N-Acetyl-L-alanine or N-Acetylalanine, belongs to the class of organic compounds known as N-acyl-alpha amino acids. N-acyl-alpha amino acids are compounds containing an alpha amino acid which bears an acyl group at its terminal nitrogen atom. N-Acetyl-L-alanine can also be classified as an alpha amino acid or a derivatized alpha amino acid. Technically, N-alpha-Acetyl-L-alanine is a biologically available N-terminal capped form of the proteinogenic alpha amino acid L-alanine. N-acetyl amino acids can be produced either via direct synthesis of specific N-acetyltransferases or via the proteolytic degradation of N-acetylated proteins by specific hydrolases. N-terminal acetylation of proteins is a widespread and highly conserved process in eukaryotes that is involved in protection and stability of proteins.
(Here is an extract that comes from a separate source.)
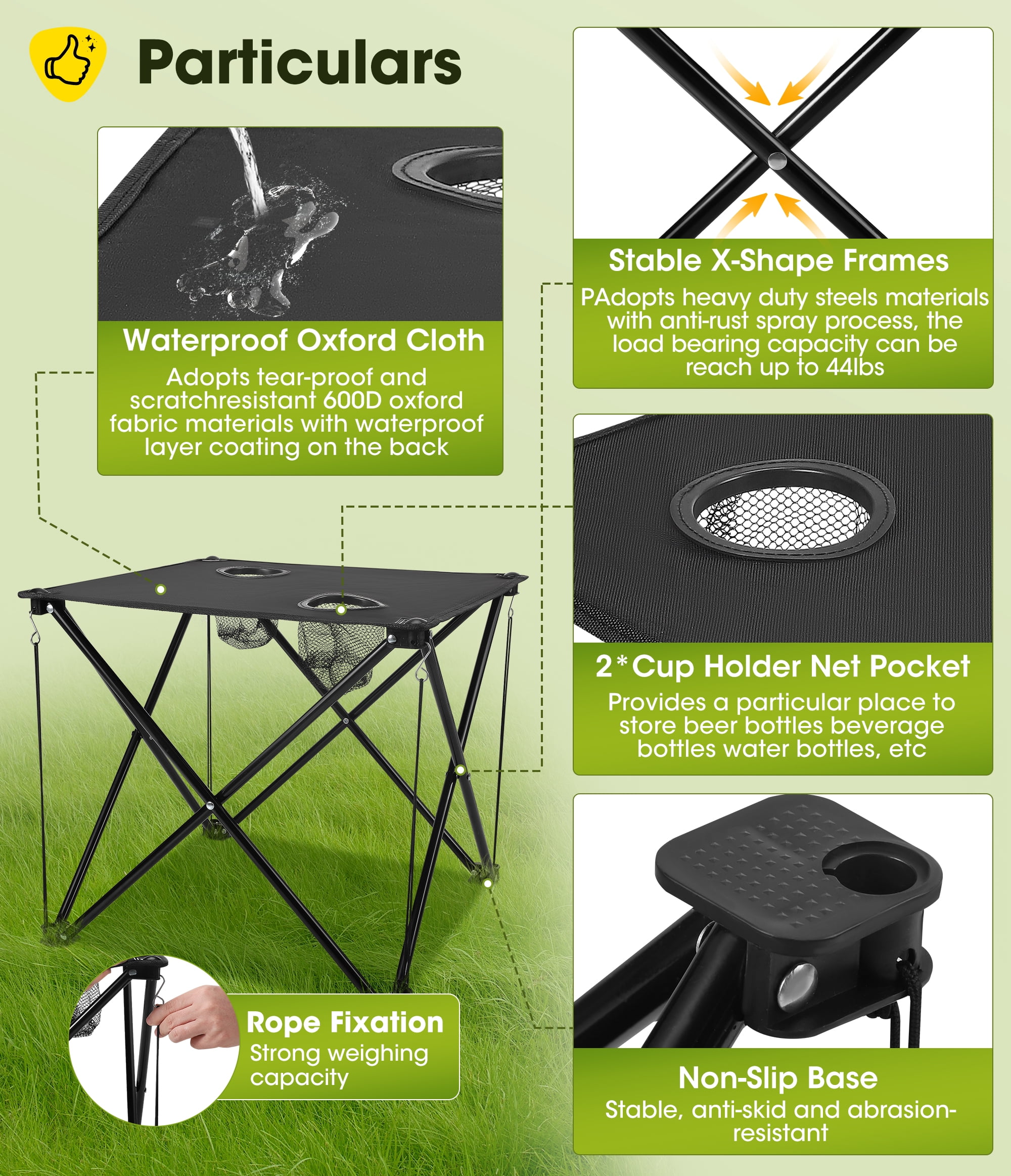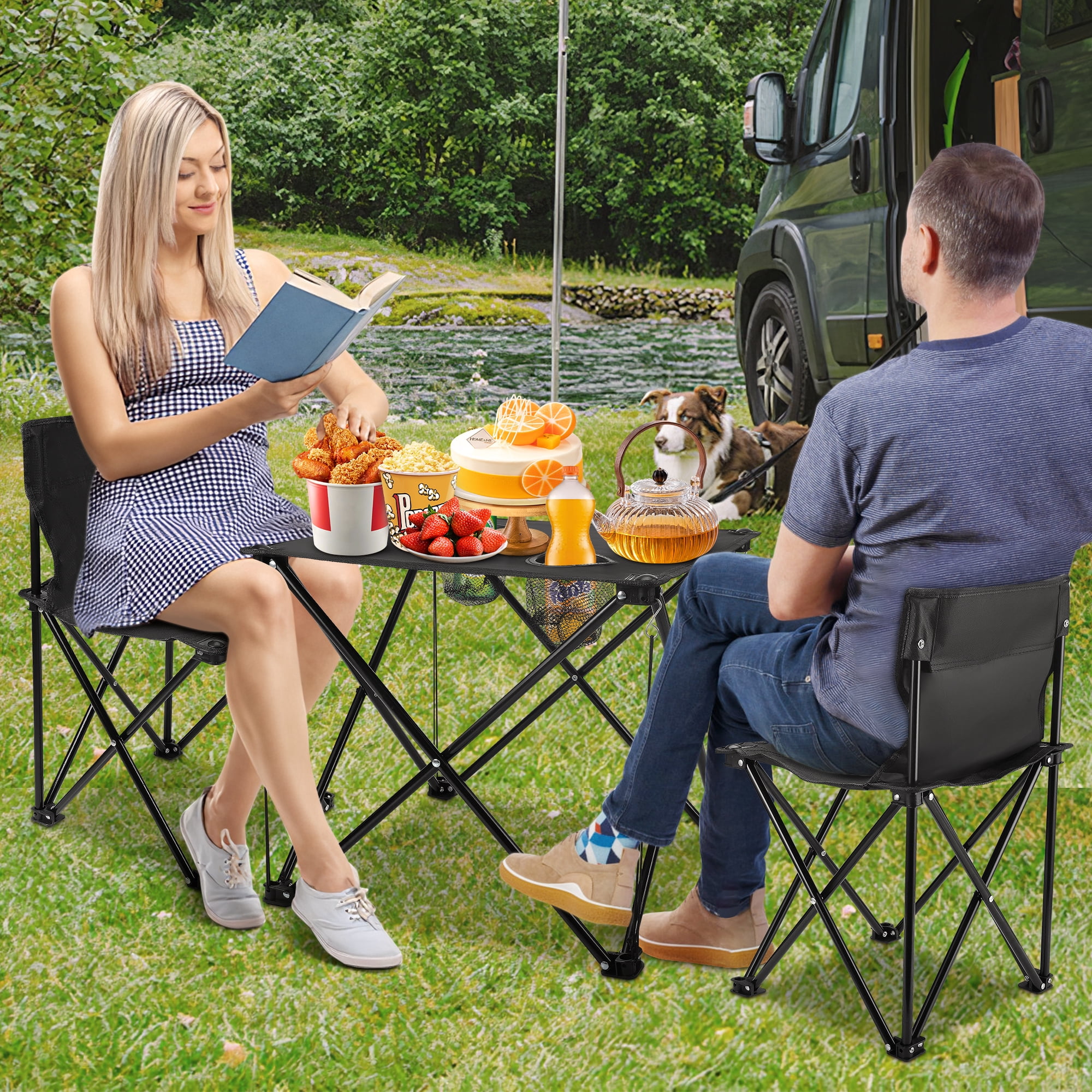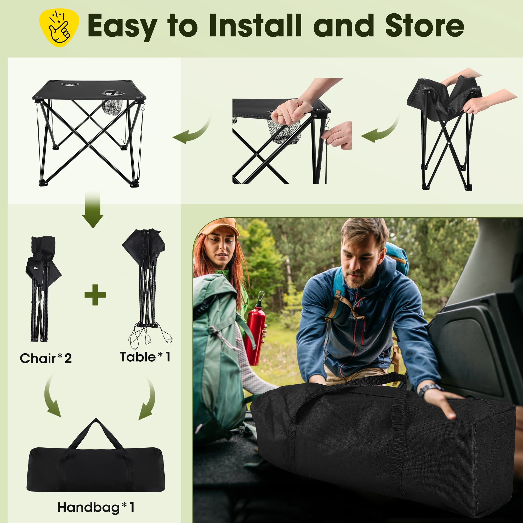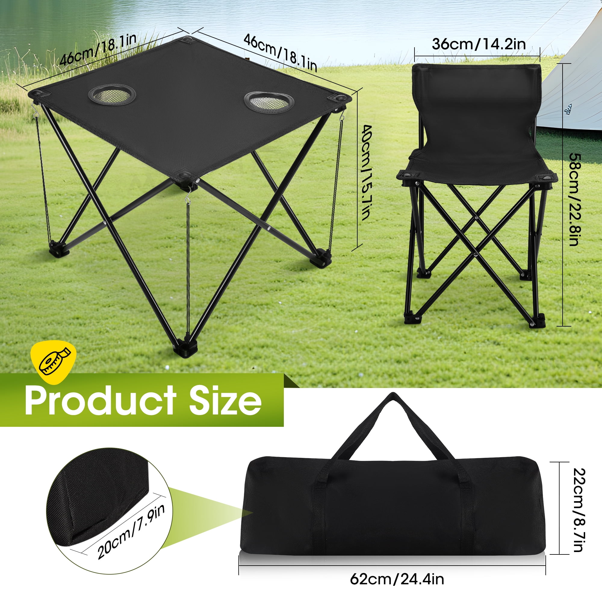 ▶ KEY FEATURES: ????????【Ultimate Camping Set】 Catering to the desires of outdoor enthusiasts, this comprehensive set includes two sleek black camping chairs and a versatile foldable table, all neatly packed in a convenient storage bag for effortless transportation and compact storage. Ideal for an array of outdoor activities, from barbecue gatherings and hiking adventures to RV excursions, lakeside retreats, and seaside escapades. ????????【Superior Build Quality】 Our portable camping chairs are crafted from durable 600D Oxford fabric, reinforced with precise double seam stitching for enhanced longevity. Supported by a robust 16mm thick steel pipe frame capable of supporting up to 99 pounds, and equipped with four anti-slip feet for unparalleled stability and security. ????????【Ergonomically Designed Chairs】 The set features two black portable outdoor chairs, each boasting a sturdy tubular steel frame and 600D Oxford fabric construction for ultimate durability and comfort. The chairs unfold to dimensions of 14.2 inches x 14.2 inches x 22.8 inches (L x W x H), providing ample space for adults to comfortably sit and relax for long durations. Designed with the user in mind, these chairs offer added convenience for your leisure time. With a compact folded length of 23 inches and a lightweight design at 2.55 pounds, these chairs, along with the included storage bag, ensure maximum portability for all your outdoor ventures. ????????【Streamlined Camping Table】 The folding picnic table, measuring 18″ x 18″ x 16.5″, features a 13mm thick steel pipe frame that can support up to 33 pounds. Its compact design allows for easy placement in a trunk, on a roof rack, or attached to a backpack. The table is stabilized by PE feet connected to four elastic ropes, ensuring a flat and secure surface perfect for holding a fruit bowl, snacks, and bottles. ????????【Portability Redefined】 The RELOIVE foldable chairs and table set is designed for instant setup without any assembly required, allowing you to establish your relaxation spot in seconds. Each chair weighs a mere 2.55LBS, and the table is even lighter at 2.09LBS, making your journey significantly less cumbersome. All items come with a travel-friendly drawstring bag with a shoulder strap, enabling you to bring them along with ease and find comfort wherever you choose. ▶ ????SPECIFICATIONS: Brand: RELOIVE Material: Oxford cloth Color: Black; Chair unfolded size: 14.2″ x 14.2″ x 22.8″ Table unfolded size: 18″ x 18″ x 16.5″; Individual table weight: 2.09 pounds; Individual chair weight: 2.55 pounds; ▶ ????Package Include: 2x Chairs 1x Table 1x Tote Bag
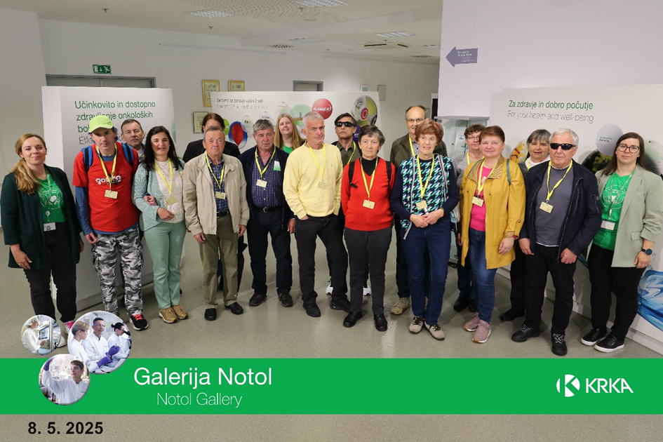 Članice in člani s spremljevalci Medobčinskega društva slepih in slabovidnih Novo mesto smo si 8. maja 2025 ogledali del proizvodnje Krke, d. d., Novo mesto, in sicer Notol 2, Obrat za proizvodnjo trdnih oblik zdravil, ki je plod Krkinega znanja.

N-Acetyl-L-alanine is a product of the enzyme known as ribosomal alanine N-acetyltransferase (EC 2.3.1.128) which catalyzes the transfer of the acetyl group of acetyl CoA to proteins bearing an N-terminal alanine. Excessive amounts N-acetyl amino acids can be detected in the urine with individuals with aminoacylase I deficiency, a genetic disorder. Individuals with aminoacylase I deficiency will experience convulsions, hearing loss and difficulty feeding. Many N-acetylamino acids, including N-acetylalanine, are classified as uremic toxins. Uremic toxins are a diverse group of endogenously produced molecules that, if not properly cleared or eliminated by the kidneys, can cause kidney damage, cardiovascular disease and neurological deficits.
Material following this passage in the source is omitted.